» **Problem**
The records below must be copied in full; omit the images.

» **Items listed in a dataset**
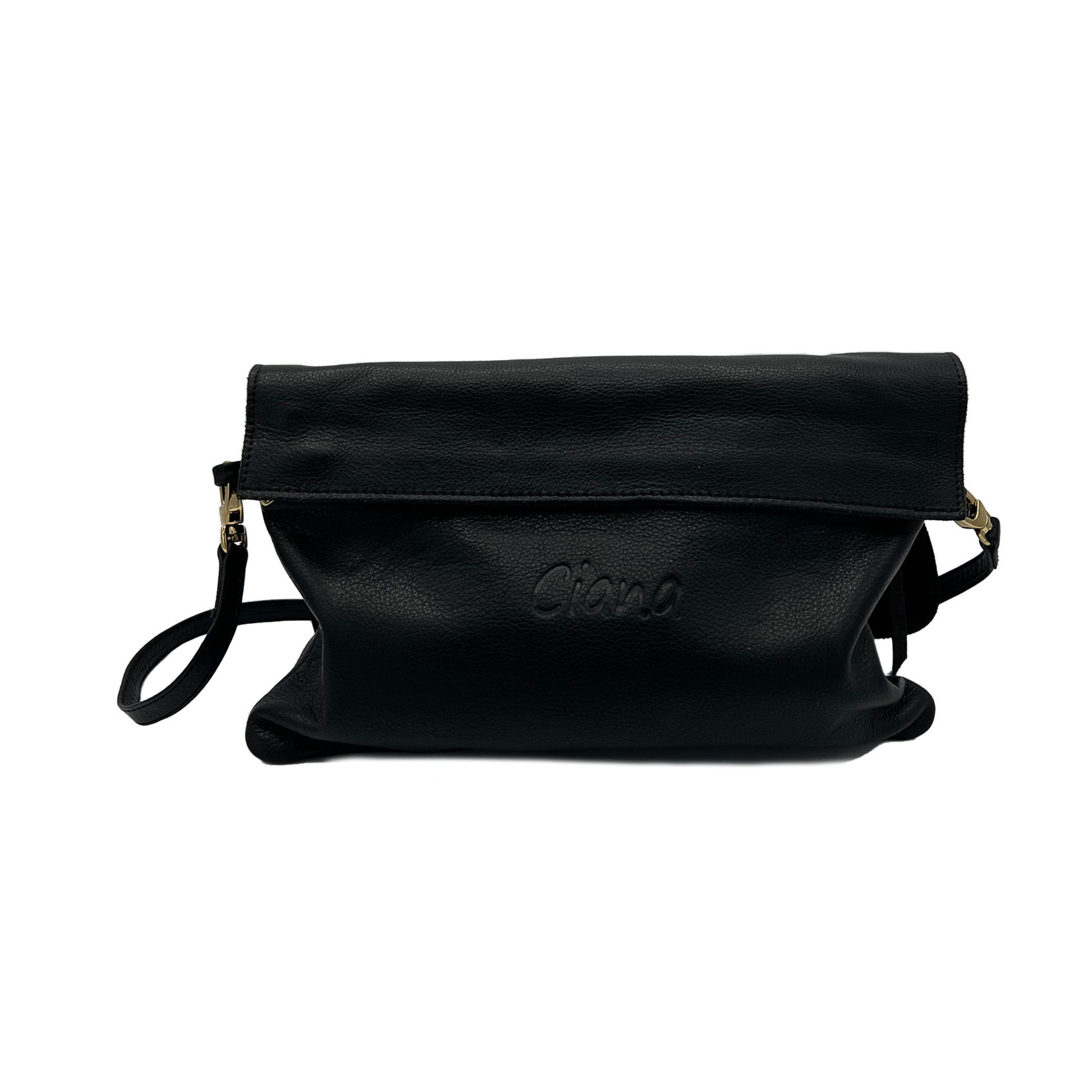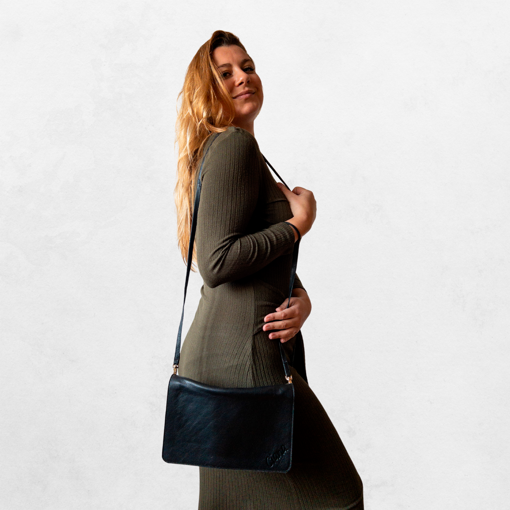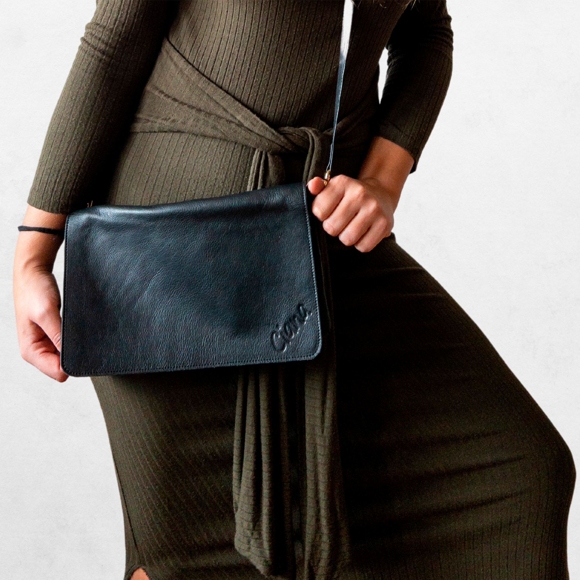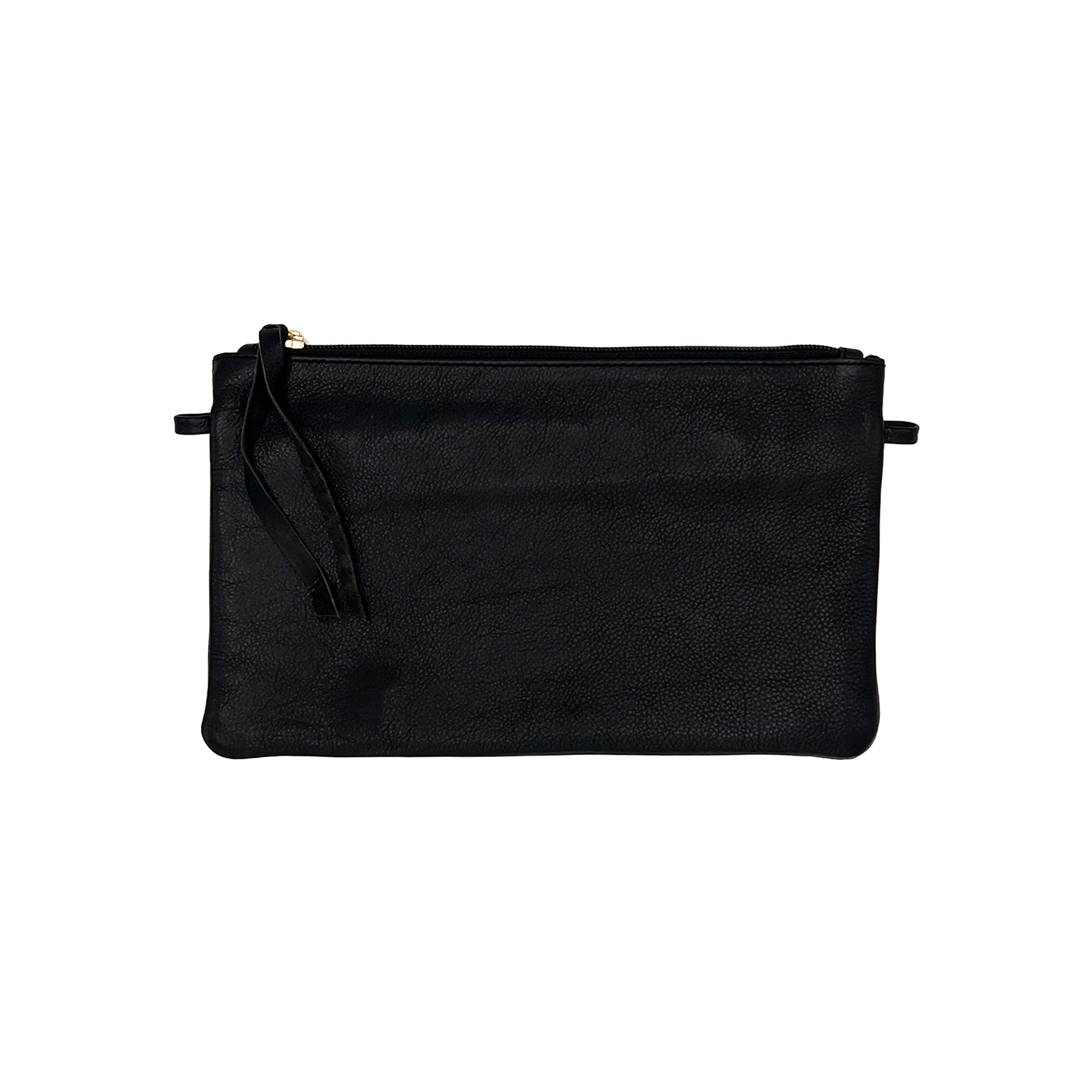 Detachable long leather strap to be worn over the shoulder or across the body plus a detachable leather wrist strap. Fully lined with an interior zipped pocket and two drop pockets.
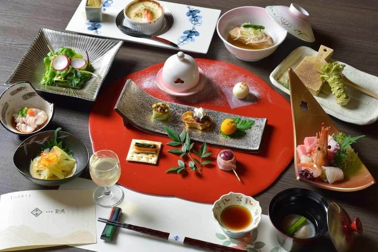 夕食は、部屋によって献立や食材のグレードが異なる本格懐石膳🍽 東北各地の旬の食材や彩冬農園で育った減農薬野菜を使用し、前沢牛のサーロインステーキやアワビの鉄板焼などメイン料理をお好みで選ぶことができます。
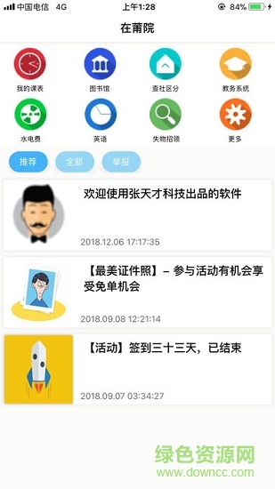 5.从院系动态、新闻网、数字校园、课程表下载为老生提供方便
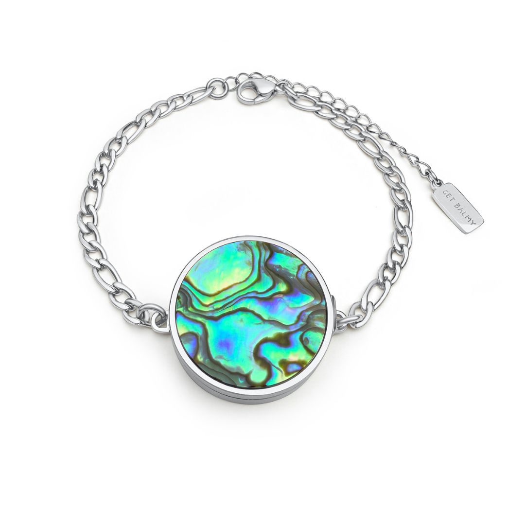 Blue Abalone (Pāua) Mini Lip Balm Bracelet in White Gold
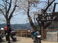 あの有名な大牧温泉への渡船場の近くにある小牧ダムで休憩をする。桜が五分咲きかな・・・
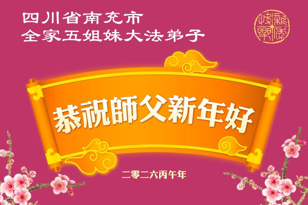 四川省南充市多家夫妻大法弟子 二零二六年一月二十二日 四川省南充市四家母女大法弟子恭祝慈悲的师父过年好!

» **Exercise solution**
 Detachable long leather strap to be worn over the shoulder or across the body plus a detachable leather wrist strap. Fully lined with an interior zipped pocket and two drop pockets.
 夕食は、部屋によって献立や食材のグレードが異なる本格懐石膳🍽 東北各地の旬の食材や彩冬農園で育った減農薬野菜を使用し、前沢牛のサーロインステーキやアワビの鉄板焼などメイン料理をお好みで選ぶことができます。
 5.从院系动态、新闻网、数字校园、课程表下载为老生提供方便
 Blue Abalone (Pāua) Mini Lip Balm Bracelet in White Gold
 あの有名な大牧温泉への渡船場の近くにある小牧ダムで休憩をする。桜が五分咲きかな・・・
 四川省南充市多家夫妻大法弟子 二零二六年一月二十二日 四川省南充市四家母女大法弟子恭祝慈悲的师父过年好!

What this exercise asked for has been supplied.